Du lisible au visible

« Vers une littérature des lieux » de Barry Lopez

Martin Paquot | 31 août 2021

Introduction

Depuis quelques décennies, une nature writing ou « littératures des lieux » se revendique comme un genre à part entière en Amérique du Nord et au-delà. Les éditions Wildproject traduisent et rassemblent ici trois textes du nature writer Barry Lopez – l’auteur voyageur de Rêves arctiques et Of wolves and men – décédé en décembre 2020 : une conférence de 1990 sur « La redécouverte de l’Amérique », une autre de 1996 intitulée « Une littérature des lieux » – qui aurait toute sa place dans Topophile – et un entretien de 2007 avec Oren Lyons, leader amérindien et gardien de la foi du clan de la Tortue.

« Le véritable sujet du nature writing n’est pas, écrit Barry Lopez, la nature, mais l’évolution structurelle des communautés qui ont été coupées de la nature, en général à cause du développement économique moderne. » Autrement dit l’histoire de l’Amérique – comme de toute colonisation – est une source potentielle d’inspiration inépuisable pour une littérature des lieux. Dès sa redécouverte par Christophe Colomb, le territoire américain fut l’objet d’une « exploitation sans foi ni loi ». Les conquistadors et les colons, mus par une soif de richesses qu’ils pensaient dues, ont balayé les communautés existantes et considérés la terre exclusivement en possesseurs. Barry Lopez leur oppose un autre rapport au lieu en mettant en avant le terme espagnol querencia, « un lieu où nous savons exactement ce que nous sommes » et nous invite à « devenir vulnérable à un lieu » afin de construire une intimité entre lui et nous.

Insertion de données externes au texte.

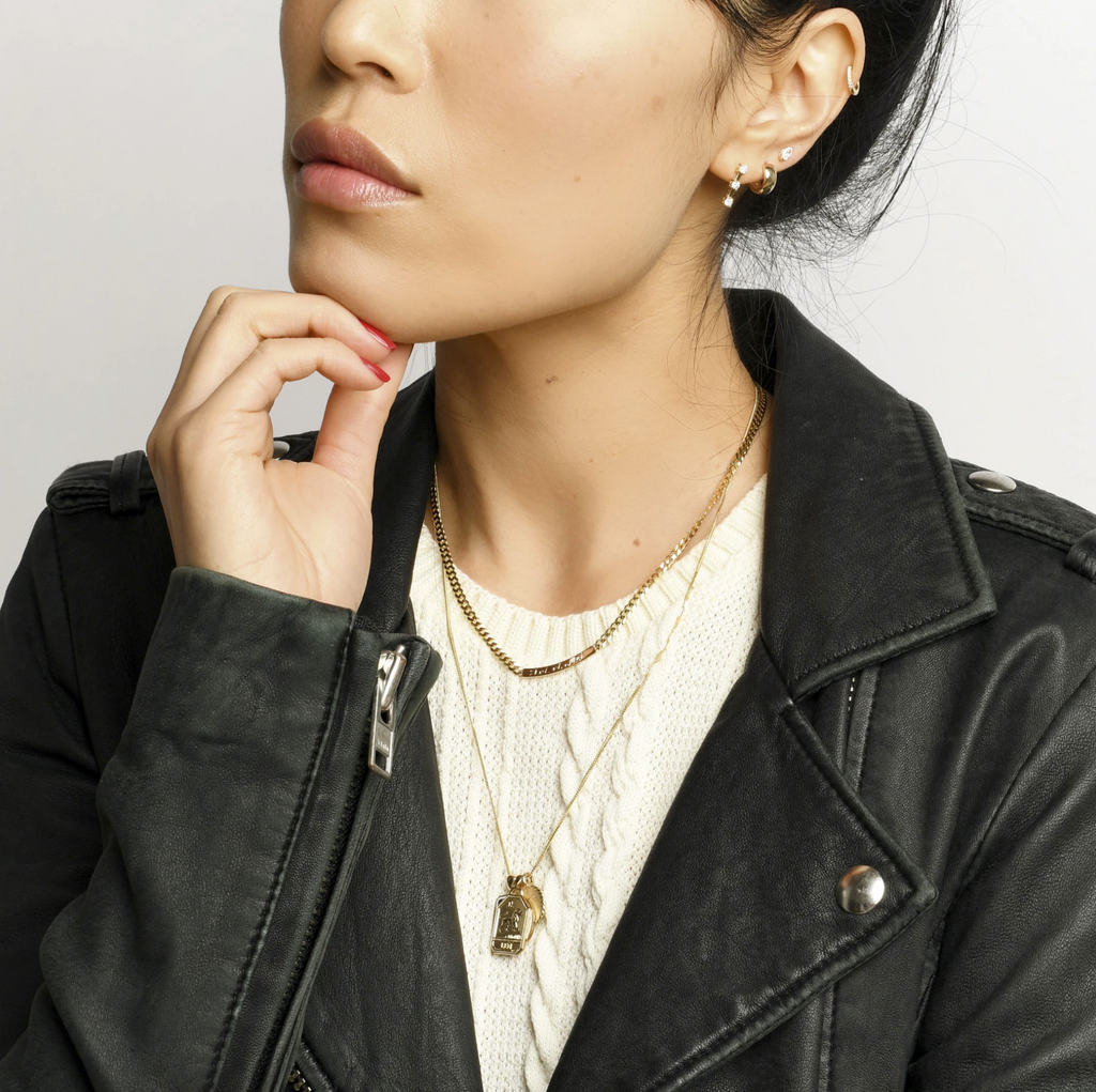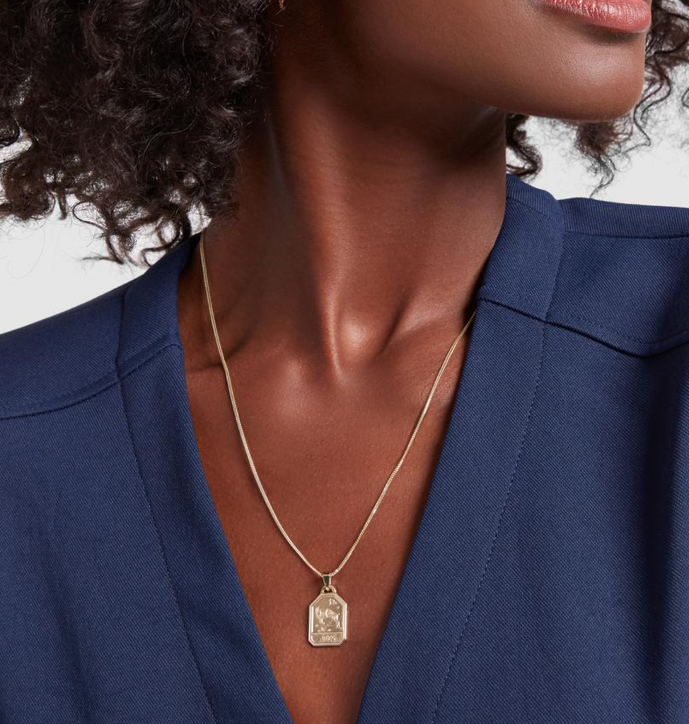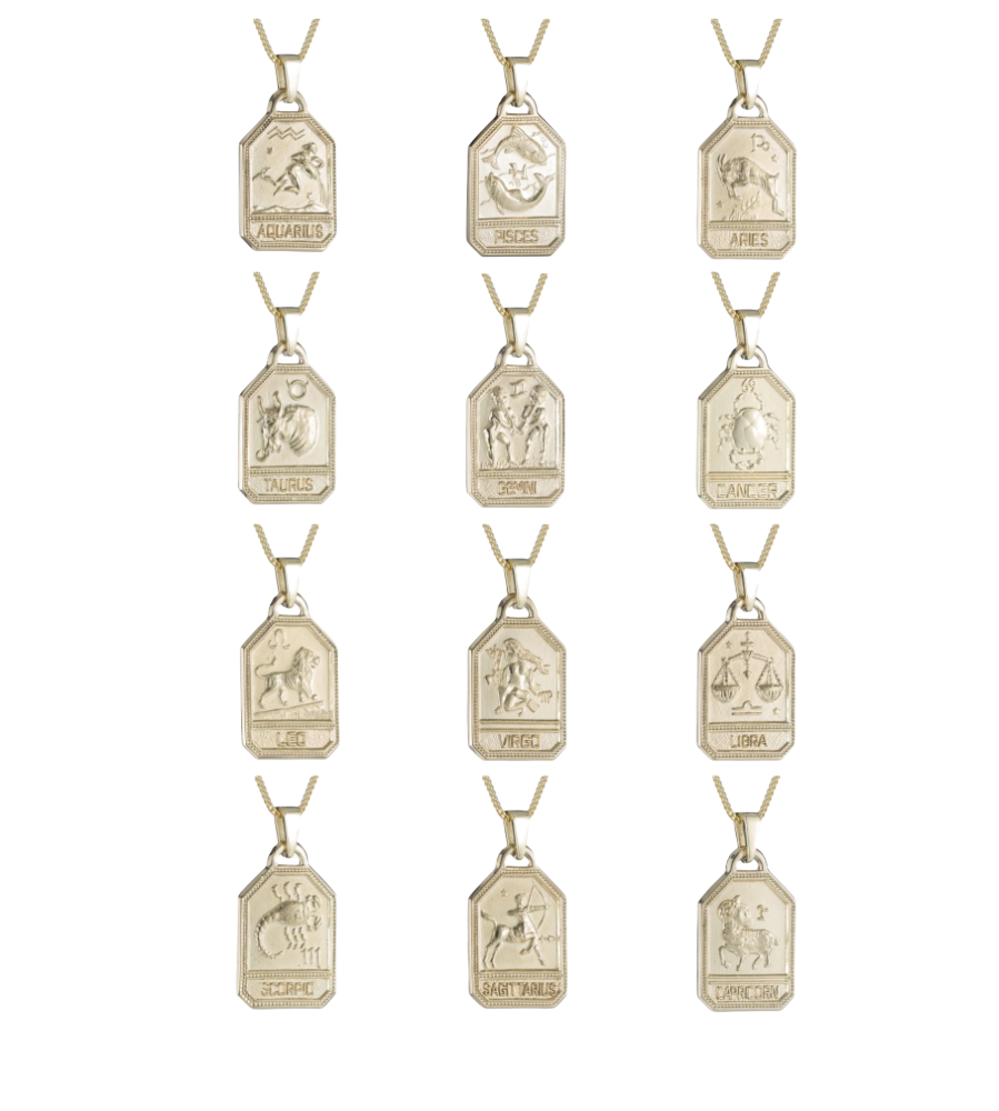 | Express yourself in a uniquely charming way with our new Zodiac Dog Tag collection. On a longer-than-usual Singapore Foxtail chain, these die-struck charms have a luxe 70's feel that is great for every day wear with a crewneck, a deep v, or worn over a turtleneck. Handmade with love in Los Angeles. |

« Le véritable sujet du nature writing n’est pas la nature, mais l’évolution structurelle des communautés qui ont été coupées de la nature, en général à cause du développement économique moderne. »

Barry Lopez

S’il n’y a plus de terra incognita, l’exploitation et la domination de la terre ne perdurent pas moins. Il nous faut alors (re)découvrir la Terre, l’approcher comme nous le ferions d’une personne. « Si vous connaissez intimement un lieu, si vous connaissez son histoire, et que vous engagez une conversation éthique avec lui, l’implication est la suivante : le lieu sait que vous êtes ici. Il vous sent. Vous ne serez ni oublié, ni isolé, ni abandonné. » De ce sentiment d’appartenance, nous créerons par la force de l’imagination humaine des histoires qui nous donnerons un sentiment d’espoir. « Nous nous maintenons en vie mutuellement grâce à nos histoires. Nous avons besoin de les partager autant que la nourriture. Nous avons aussi besoin de bons compagnons. L’une des choses les plus extraordinaires avec la terre est qu’elle sait cela, et qu’elle force le langage en certains d’entre nous, de sorte que nous puissions collectivement en parler. » La littérature naît du lieu, de la relation intime, affective, réciproque que chaque être établi avec un lieu, bref de notre topophilie – quoique Barry Lopez n’emploie pas ce mot. Et avec cette littérature des lieux naît l’espoir d’un autre rapport à la Terre – pour soi et les autres –, un rapport non de pouvoir mais de philia.

Trouvons chacun notre chez-soi, trouvons ce lieu où nous assumerons enfin nos « responsabilités d’adultes envers la communauté humaine ».

Barry Lopez, Réécrire l’Amérique. Vers une littérature des lieux, traductions de Baptiste Lanaspeze, Gayané Zavatto et Martin Schaffner, « Petite bibliothèque d’écologie populaire », Wildproject, 2020, 86 pages, 10 euros.